OAHU, HAWAII — You've visited the USS Arizona Memorial, done the Polynesian Cultural Center, explored the Bishop Museum, slurped shave ice at Matsumoto's and plunged into the beach scene at Waikiki. If you're thinking that's all there is on Oahu, think again. You can drink deeply of Oahu by walking some of its more unusual culinary avenues.

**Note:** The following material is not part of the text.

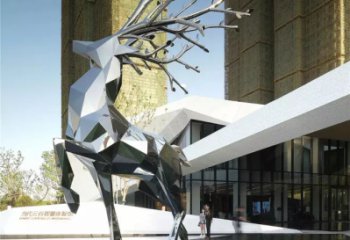 城市中的大型不锈钢几何梅花鹿雕塑

Saturday morning farmers market, Kapiolani Community College. Chicken curry for breakfast? Why not? The aromas of sizzling garlic shrimp, Thai beef, kalua pork and Kona coffee also entice. Hawaiian sea salt, ginger syrup and local honey make nice take-home gifts. The scene: kids in strollers nibbling ears of roasted corn as their parents scoop up armfuls of orchids and check out booths selling beignets, risotto, chili. (This is multi-ethnic Hawaii.) It starts at 7:30 and is pretty much over by 11. Free parking. 4303 Diamond Head Road, Honolulu; (808) 848-2074, www.hfbf.org/FarmersMarketKCC.html.
Fish auction at Pier 38, Honolulu. Set your alarm and head for the harbor to watch as pallets of iced big-eye tuna, marlin and mahi-mahi are rolled in from the boats. Under bright lights, bidders -- wholesalers and retailers -- test each fish for freshness and texture. "These guys are very competitive," says auctioneer Brooks Takenaka. "They can tell you where a fish was caught, how deep." Next minute he's in action: "Anybody give $9 [a pound] for a 46-pound tuna?" Each year, 25 million pounds are sold. 5:30 a.m. Mondays through Saturdays (3 a.m. last two weeks in January). Free. United Fishing Agency, (808) 536-2148.

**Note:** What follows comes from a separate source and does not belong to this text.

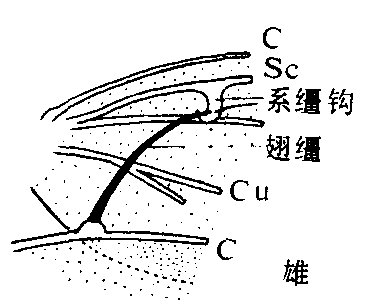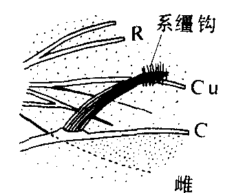 释义 | 翅连锁器wing-coupling apparatus将昆虫前后翅连锁成一体,以增进飞行效力的各种特殊构造。主要有翅轭、翅缰和系缰钩三种(见图)。

Taking tea the Japanese way. Chado, the centuries-old tea ceremony as a spiritual and aesthetic rite, is demonstrated by the Urasenke Foundation of Hawaii at 10 and 11 a.m. Wednesdays and Fridays. After a short film, visitors adjourn to a shoji-screened room where they sit on floor mats, watching a kimono-clad woman show how each gesture, each utensil, creates harmony, respect, purity and tranquillity. Guests learn how to hold their tea bowls (no sipping from the decorated side, please) and to bow gracefully (by lowering one's elbows). $3 donation. 245 Saratoga Road, Waikiki; (808) 923-3059.
Shrimp trucks on the North Shore. The crustaceans, harvested daily from nearby shrimp farms, are served with rice or corn from lunch wagons, shacks and stands alongside Kamehameha Highway in or near Kahuku, which is also the corn belt of Oahu. For about $12 a plate, choose from fried, barbecued, garlic butter, coconut, hot and spicy and more. Then join others at a shaded picnic table. Each vendor claims, of course, to be the best or the original. Giovanni's may be the most colorful, with its graffiti-covered truck. I was amused to see a white stretch limo pull up at Romy's.